= Jan Gerber =

Swiss entrepreneur and mental health executive

Jan Gerber (born 1981) is a Swiss entrepreneur and mental health executive. He is the founder and chief executive officer (CEO) of Paracelsus Recovery, an addiction and mental health clinic based in Zurich.

Gerber previously co-founded the Kusnacht Practice in 2011 before establishing Paracelsus Recovery in 2013.
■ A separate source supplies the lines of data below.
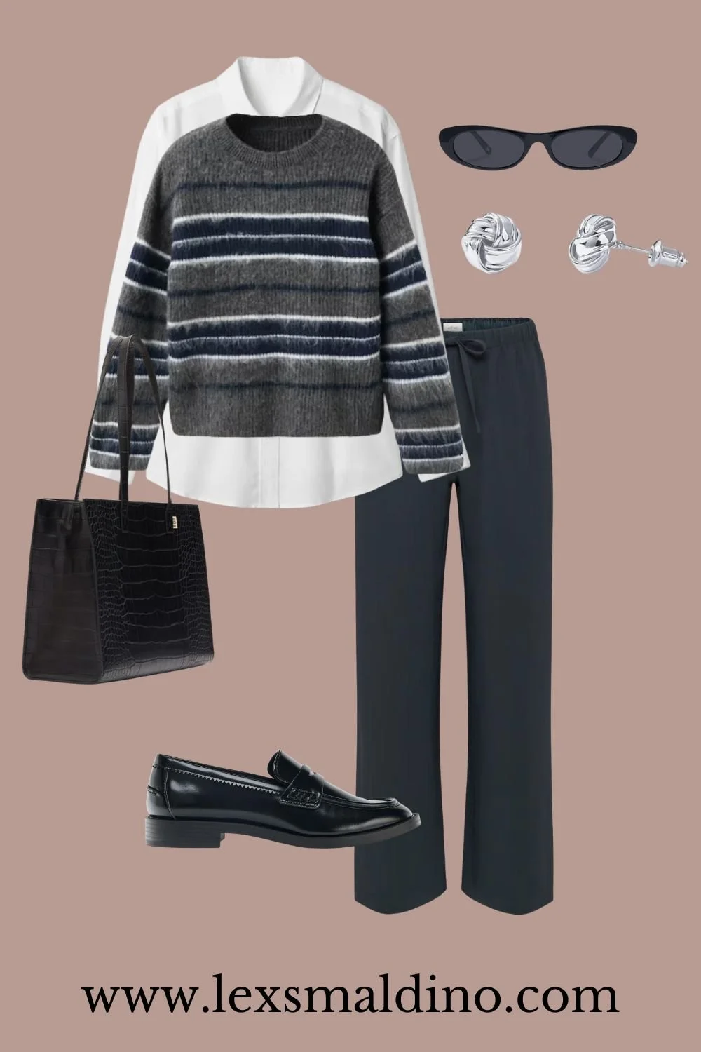 This layered look feels very quiet and pulled together for winter. The striped knit softens the button down and the relaxed trouser keeps it from feeling too corporate. Loafers and minimal silver studs keep the whole look classic. This is the outfit I reach for on days when I want to look like I tried without actually putting in any effort.
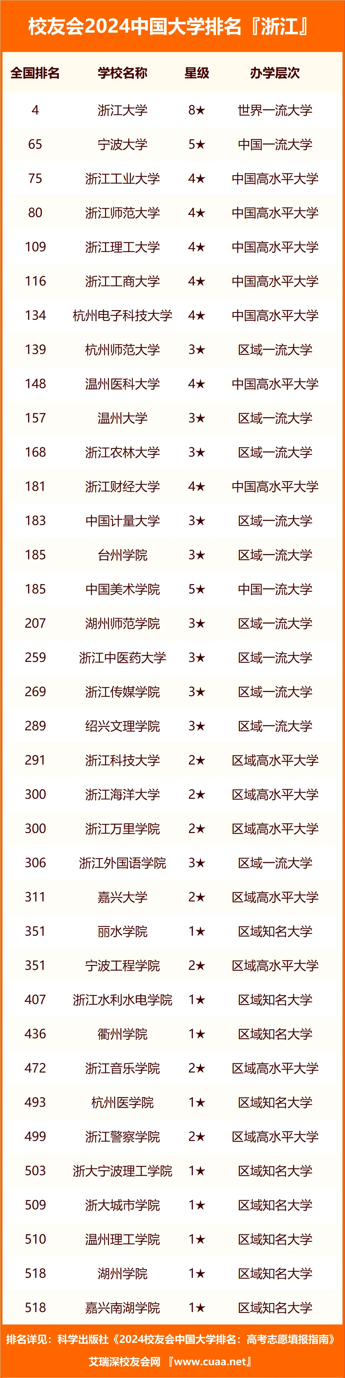 以下为2024年校友会浙江省公办本科大学排名,各位浙江省的同学和家长可作为参考。
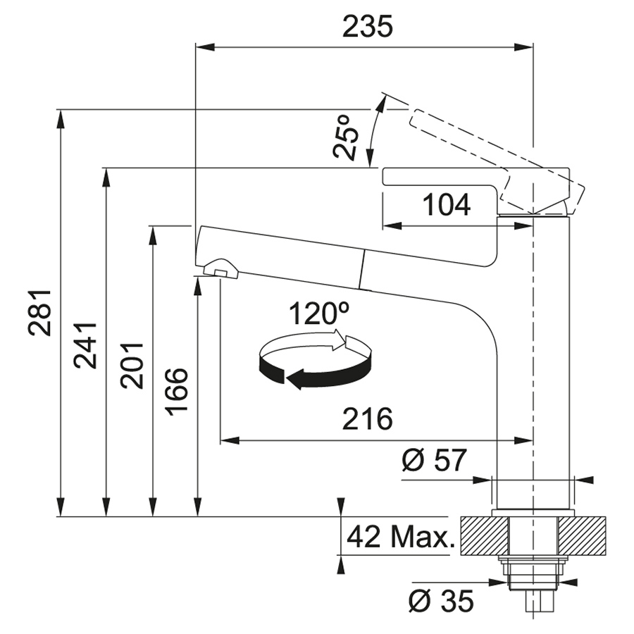 | Вид змішувача | одноважельний |
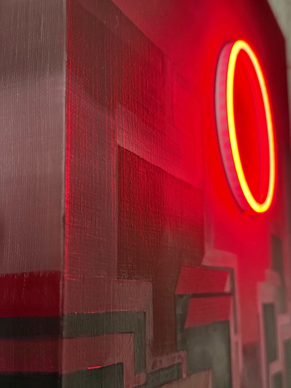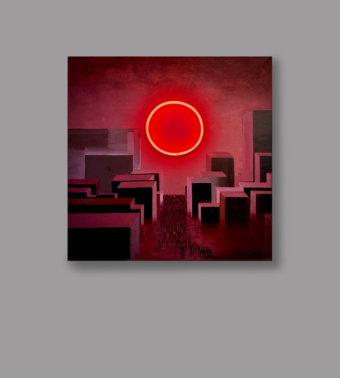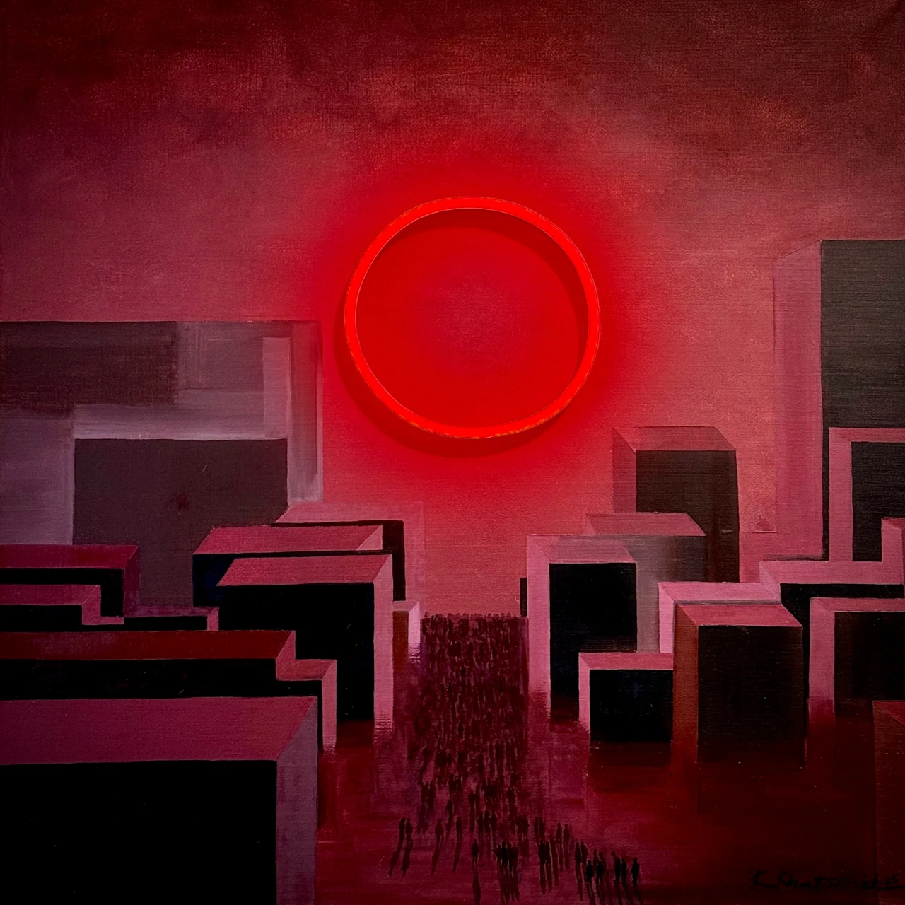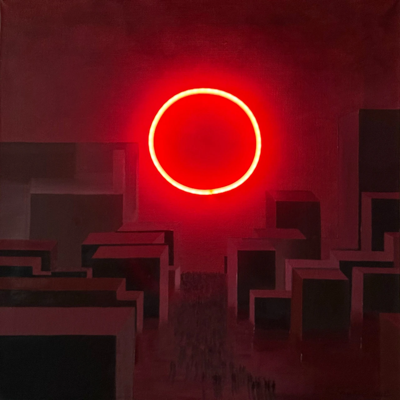 фигур, устремлённых к красному неоновому нимбу. Индустриальная архитектура лишена индивидуальных признаков и выступает метафорой среды, в которой человек соотносит себя не с другим субъектом, а с системой. Неоновый нимб становится образом нового сакрального, технологического источника смысла, подменяющего диалог коллективным откликом. Масштабное несоответствие между человеком и светом фиксирует утрату симметрии общения.
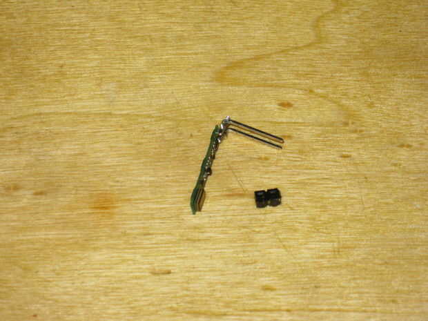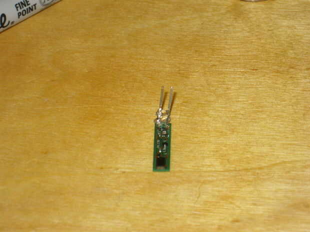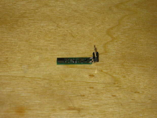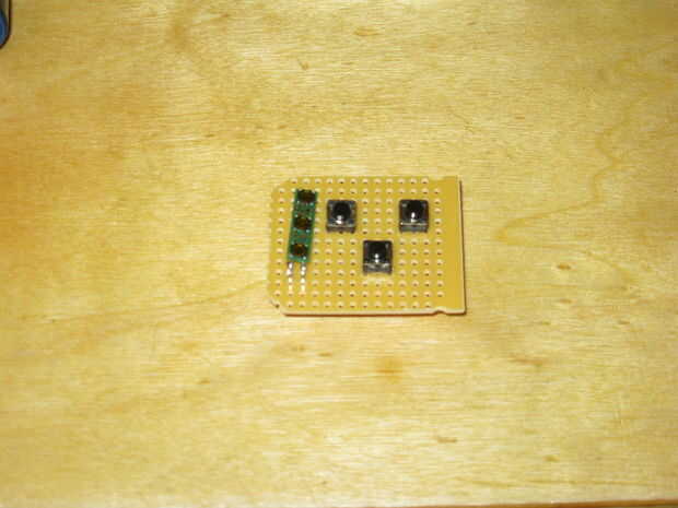 Para ayudar a hacer más fácil conectar el circuito a la perfboard, usaremos un par de cabeceras de ángulo recto soldadas a los puntos de tierra y control. Después de juntar la cabecera pegarlos bien a la Junta. Los rastros SMD son muy pequeños y se corte el tablero muy fácilmente. Ahora quitamos el separador para el circuito de sentarse tan cerca del perfboard como sea posible.
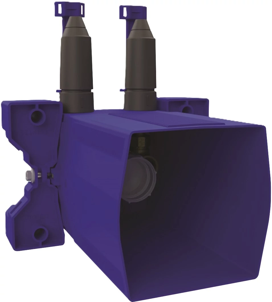 DELABIE beépített, vízzáró BOX mechanikus keverős zuhanycsapokhoz, falon kívüli, előlapon kilépő kevert víz ághoz, 10-120mm előtétfal, min. 83mm süllyesztés, kit 1/2
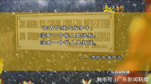 在蔣老先生的指引下,我們來到哈瓦那海濱大道街心花園。一座黑色大理石紀念碑靜靜地佇立在花園里,上面刻著古巴獨立戰(zhàn)爭時期的將軍貢薩洛·蓋薩達的一句話:“在古巴獨立戰(zhàn)爭中,沒有一個華人是逃兵,沒有一個華人是叛徒?!惫虐腿嗣駥Κ毩?zhàn)爭中華人的英雄行為和高尚品質非常崇敬,于是建立“華人記功碑”以紀念華人所做的巨大貢獻。(來源:廣東廣播電視臺“觸電新聞”客戶端)
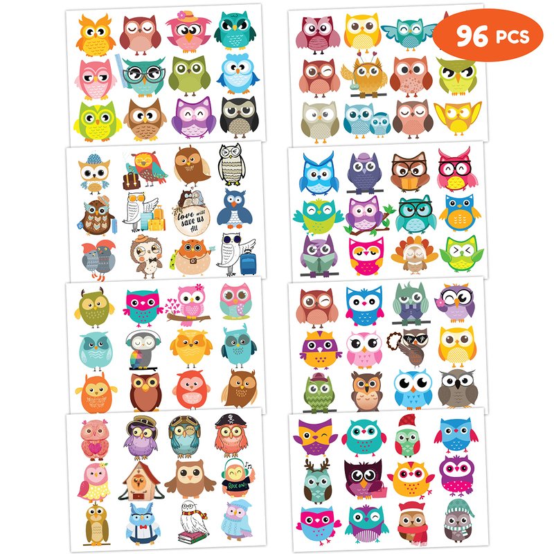 - 🦉【PERFECT TATTOOS FOR THEMED OWL DECORATIONS】: Owl temporary tattoo stickers include 8 sheets in total. There are 96Pcs super cute tattoo differences. Perfect for giving out party favors and holiday theme small gifts. The size of each sheet is 6.1 * 3.1 inches. One size fits kids.
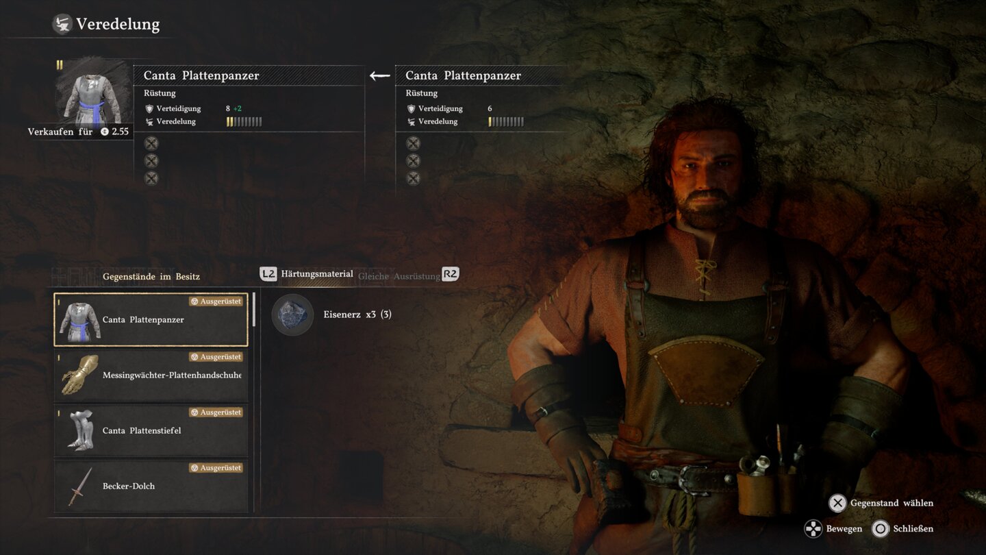 Die gesparten Exemplare kann ich dann verwenden, um stattdessen Lebenspunkte, Ausdauer und Geistkraft zu steigern. Im späteren Spielverlauf kann ich sie aber auch nutzen, um die Ausrüstung zu verbessern.
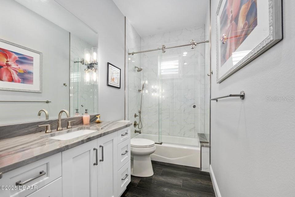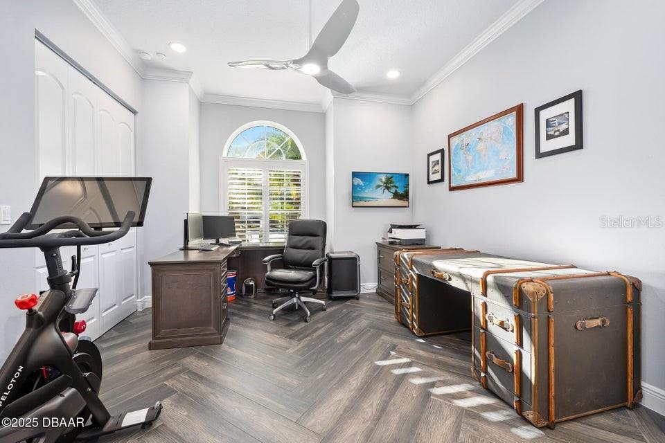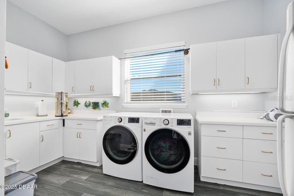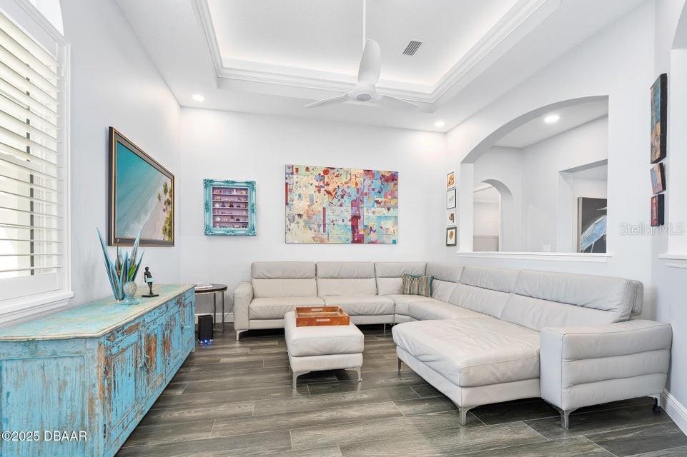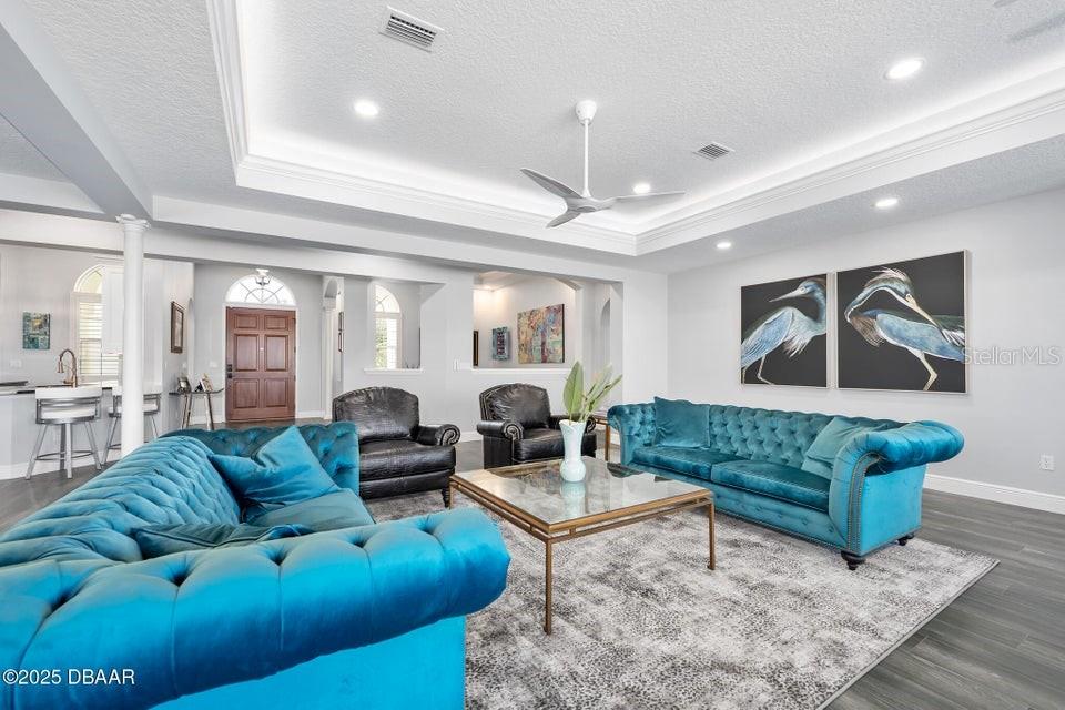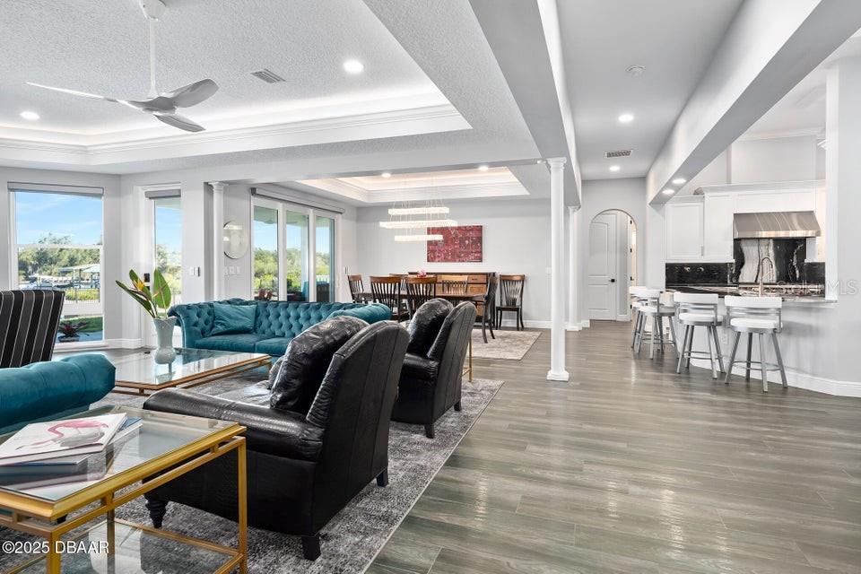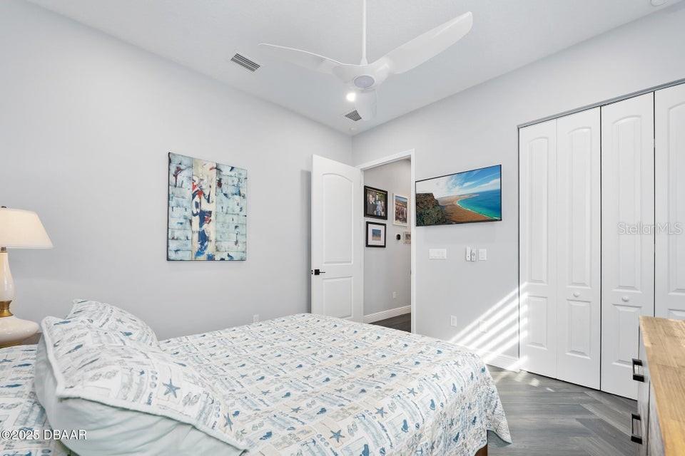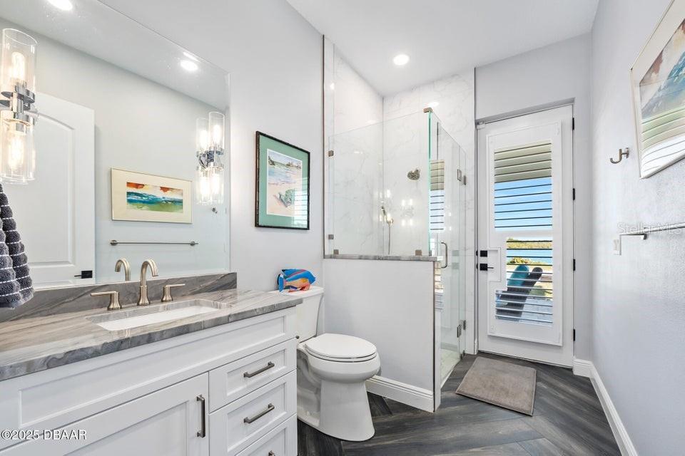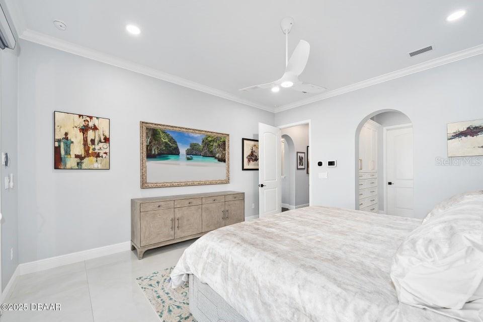 New Smyrna Beach deepwater at it's very best. Arguably the most sought after parcel in the beloved Inlet Shores community, this point lot gives way to long range water views down the Intracoastal and provides a front row seat to the wildlife and boat traffic that parade by daily. The custom 4 bedroom, 3 bath home with 3 car garage is perched on a gentle bluff with a fabulous waterfront lanai that serves as the owners' outdoor living room just above the pool, sprawling green lawn and new dock. Over the last year the owners have made a significant investment while the home underwent a complete interior and exterior renovation. The photos are lovely, but this property must be seen in person to be appreciated as no stone was unturned while contractors embarked on the tremendous task under the direction of a talented designer. Enter the home to be immediately greeted with panoramic water views through oversized windows and doors that create a wall of glass under volume ceilings. The main living and dining areas are all situated around the spectacular custom kitchen with stunning quartzite appointed over custom cabinetry complimenting the coastal contemporary interior spaces with a layout that is ideal for day to day relaxation or entertaining a crowd. The waterfront owners' suite is a true retreat with direct access to the covered patio and private spa. A cavernous walk-in with custom closet systems is just adjacent to the fantastic built-in wardrobe which sits just inside of the new luxury bath. Bedroom two is currently used as a home office and exercise room with a convenient optional door just off of the primary bath. A poolside waterfront guest suite is tucked into a quiet corner of the home with glass doors that open onto the covered patio and pool beyond. An adjacent bath services the guest room and doubles as a pool bath with an exterior door. The generous fourth bedroom is opposite a beautiful common bath. The architect left plenty of room for the imagination with a staircase leading to an unfinished bonus room above the garage that is currently vast storage, but could easily be finished as a 5th bedroom, game room or den. Step outside for unparalleled views of the water where the Intracoastal Waterway and Hunter Creek intersect and two natural mangrove shorelines create a serene backdrop that will never be developed. Truly an ideal position for a boater, sailor or yachtsman just inside of Ponce Inlet with a direct shot to the Atlantic Ocean through Rock House Creek in an outboard or a slightly lengthier course via the marked channel. The newly constructed and highly engineered dock with 16000lb lift and floating staging dock below has over 10' of water at low tide. On a falling tide, the baitfish from the estuary of Hunters Creek mingle with the larger river directly in front of the dock and it is not uncommon to see the surface of the water explode in a feeding frenzy. Whether fishing the mangroves, relaxing on Disappearing Island or heading out the inlet on the way to The Bahama Islands, there is not a more perfect location in this part of Florida than 59 Cunningham Drive. This 2009 built solid concrete block home warrants a personal visit to be appreciated and to realize the high level of renovations that include the entire interior with top of the line appointments, new impact windows and doors, new air conditioning systems, roof, dock and newly renovated paver appointed, heated, saltwater 30,000 gallon pool.
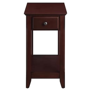 Mesa de madeira Acme Bertie com gaveta de armazenamento e prateleira de 1 nível em café expresso
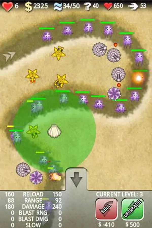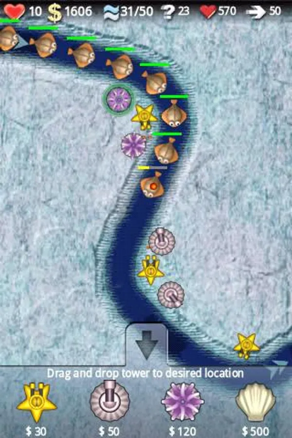 Use your judgement to strategically place a choice of lethal gun turrets on the sea bed and try your best to despatch the advancing hordes.

==Early life and education==
Gerber was born in 1980 in Switzerland to Werner Gerber, a psychiatrist, and Christine Merzeder, a clinical nurse. Gerber graduated from the London School of Economics with a degree in finance.

==Career==
Following university, Gerber worked as a financial management consultant for investment banks. In the late 2000s, he launched several start-up businesses, including a cosmetic surgery clinic for men in Zurich.

Gerber entered the mental health field in the late 2000s. In 2011, he and his mother, Christine Merzeder, co-founded the Kusnacht Practice near Zurich, which specialized in single-client residential rehabilitation.

In 2012, Gerber left the Kusnacht Practice to found Paracelsus Recovery. Paracelsus Recovery utilizes a one-person-at-a-time model. Each person is treated individually with privacy. Treatment programs are customized for each individual and typically last four to eight weeks. Upon admission, a person undergoes extensive medical and psychiatric evaluations. Treatment plans integrate psychotherapy, psychiatric care, detoxification, and nutritional therapy. The clinic treats conditions such as addiction, depression, anxiety, and burnout at its Zürich facility or at off-site locations.

==Personal life==
Gerber lives in Switzerland with his wife, Jil, and his son.